DeepFIGV scores can elucidate the molecular mechanism of a causal variant and prioritize downstream experiments. Integrating DeepFIGV scores with candidate causal variants for inflammatory bowel disease (Huang et al. 2017a) shows that for rs10748781, which has 99% posterior probability of being the causal variant in this region, the alternative allele is predicted to decrease the DNase signal in this region in LCLs (Figure 6C). This result gives a specific cell type and biological assay to design a validation experiment. Moreover, this variant disrupts a CpG site, is a known DNA methylation QTL, and the methylation at nearby sites is predicted to mediate the effect of the variant on disease risk (Hannon et al. 2017) (Supplementary Figure 15).
DISCUSSION
Translating findings of genetic studies to a molecular understanding of disease etiology and then to novel therapies has been hindered by the challenge of interpreting the functional consequence of genetic variants. There is a widely recognized need for accurate computational predictions of the functional impact of non-coding regulatory variants (Albert and Kruglyak 2015). Genomic annotations of the non-coding regions have generally taken one of four approaches.

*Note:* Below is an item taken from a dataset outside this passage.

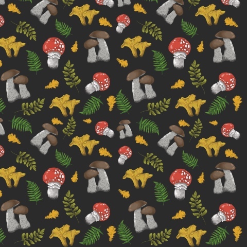 грибы, осень, паттерн, узор, природа, растения, мухомор, листья, лето, настроение, новый, интересный, осенний, орнамент, бесшовный, красочный, набор

Evolutionary conservation or selection can identify functional regions of the genome, but consecutive nucleotides often have very similar scores and this approach does not give cell type- and assays-specific functional consequences (Siepel et al. 2005; Gulko et al. 2015; Huang et al. 2017b). Epigenetic maps across multiple cell types, tissues and assays provide a functional interpretation, but peaks from these assays cover millions of nucleotides (ENCODE Project Consortium 2012; Roadmap Epigenomics Consortium et al. 2015). xQTL studies correlate genetic variants with gene expression or epigenetic signals, but interpretation of this correlation analysis is limited by linkage disequilibrium and is only applicable to variants observed in the dataset (Aguet et al. 2017; Lappalainen et al. 2013; Fromer et al. 2016). Most recently, deep convolutional neural networks have been used to develop predictive models linking the genome sequence to splicing (Xiong et al. 2015), protein binding (Alipanahi et al. 2015), and epigenetic signals (Zhou and Troyanskaya 2015; Lee et al. 2015; Kelley et al. 2016; Zhou et al. 2018). Although these deep learning methods have been promising, their biological application has so far been limited.
Here we present a deep learning framework that learns a predictive model linking DNA sequence to quantitative variation in epigenetic signal and evaluates the predicted functional impact of genetic variants on multiple assays. This framework models quantitative variation in the epigenome, integrates whole genome sequencing to create a personalized genome sequence for each individual, and trains on many experiments from the same cell type and assay. Because this framework fits a predictive model based on sequence context, it is less susceptible to issues of linkage disequilibrium and can predict the functional impact of variants even if they are not observed in the training dataset.
Application to epigenetic assays of open chromatin (DNase-seq) and histone modifications (H3K27ac, H3K4me3, and H3K4me1) from 75 lymphoblastoid cell lines (LCL) (Grubert et al. 2015) produces functional consequence scores that are concordant with other genomic annotations while capturing sequence context information beyond known TFBS motifs. We note that potential mechanisms of variants outside these motifs include affecting local DNA shape, DNA methylation or nucleosome positioning (Slattery et al. 2014; Deplancke et al. 2016), but interpretation remains an open challenge (Shrikumar et al. 2017). We demonstrate that these functional consequence scores inform molecular mechanism, are concordant with xQTL analysis, are predictive of allele-specific binding, and inform interpretation of risk variants for common disease. Moreover, these scores can prioritize variants for downstream experiments and indicate the appropriate cell type and functional assay. DeepFIGV scores are complementary to other non-coding variant scores, and compared to DeepSea (Zhou and Troyanskaya 2015) identifies more variants with extreme z-scores particularly for sites with minor allele frequency less than 5% (Supplementary Methods, Supplementary Figures 16,17).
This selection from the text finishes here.